La guerra scatenata in Iran da Usa e Israele continua a dominare la scena sui mercati finanziari globali. A due settimane dal primo attacco l’Asia ha sofferto per l’ennesima volta, con Tokyo in rosso di oltre l’1%. L’Europa invece, che ha fallito un tentativo di rimbalzo, manda in fumo complessivamente 1.162 miliardi dall’inizio della guerra. Milano ha lasciato sul campo lo 0,31%, Londra lo 0,43%, Madrid lo 0,47%, Francoforte lo 0,6% e Parigi lo 0,91%. Le piazze europee navigano a vista, seguendo le fluttuazioni del greggio: sceso a metà seduta sulla scia dell’annuncio che gli Usa compreranno petrolio russo dalle navi già in transito, per invertire la rotta nel finale, è poi risalito a fine giornata. Il Wti ha chiuso con un balzo del 3,36%, a 98,95 dollari al barile, il Brent supera quota 100 dollari. Secondo una analista di Natixis Wealth Management anche in caso di conflitto breve la corsa del greggio avrà «un impatto negativo tangibile sulla crescita economica e sull’inflazione». Ma non è finita. Gli analisti di Goldman Sachs prevedono prezzi del greggio «sopra al picco del 2008, vicino ai 150 dollari al barile, qualora i flussi attraverso lo stretto di Hormuz rimanessero depressi fino a marzo».

Le accise

Nel frattempo perde quota l’ipotesi di un taglio sulle accise mentre il monitoraggio, che rimane strettissimo sui prezzi dei carburanti, viene esteso anche all’approvvigionamento di materie prime critiche.

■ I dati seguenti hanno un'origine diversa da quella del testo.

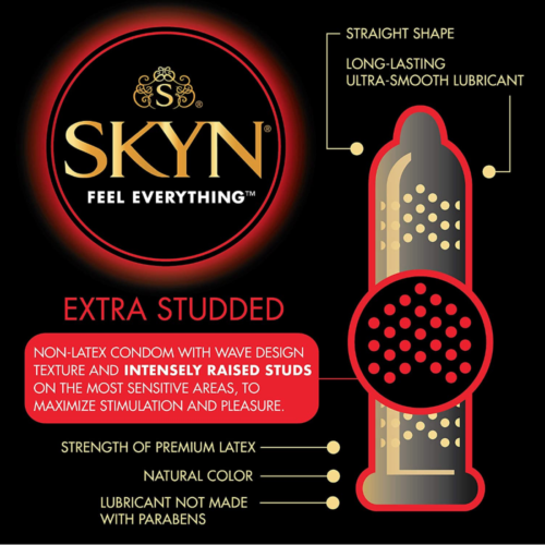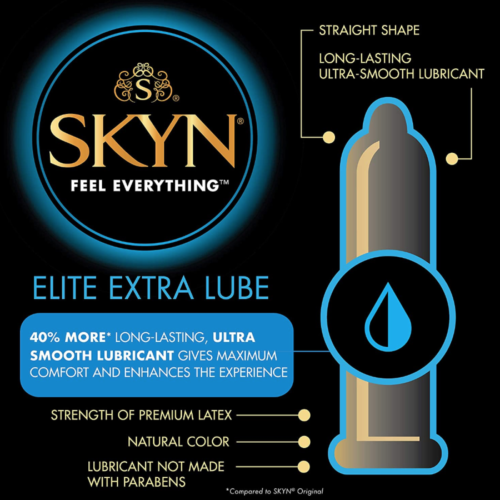 - SKYN Extra Lubricated: Features 40% more long-lasting ultra-smooth lubricant enhances the sexual experience

Anche se servirà ancora tempo per gli interventi a sostegno di famiglie e imprese sembra questa la strada intrapresa e sale così il pressing delle categorie verso il governo: le azioni dell’esecutivo – ha spiegato il ministro delle Imprese Adolfo Urso che ha riunito di nuovo la commissione allerta rapida del Mimit – saranno concentrate sul sostegno ai ceti meno abbienti e sul contrasto dell’impatto inflattivo dei costi dell’autotrasporto. Eventualità che inizia a vedersi sul carrello della spesa, soprattutto sull’ortofrutta siciliana. Anche i prezzi dei carburanti continuano a salire e, rispetto a fine febbraio, la benzina è più cara in media di 15,3 centesimi al litro e il diesel di 32,2 centesimi secondo i dati del ministero delle Imprese presentati durante il nuovo incontro della Commissione di allerta rapida al Mimit. Per per le associazioni di categoria, così come per i sindacati e per il movimento consumeristico, una insoddisfacente: a gran voce si richiede un intervento urgente del Governo.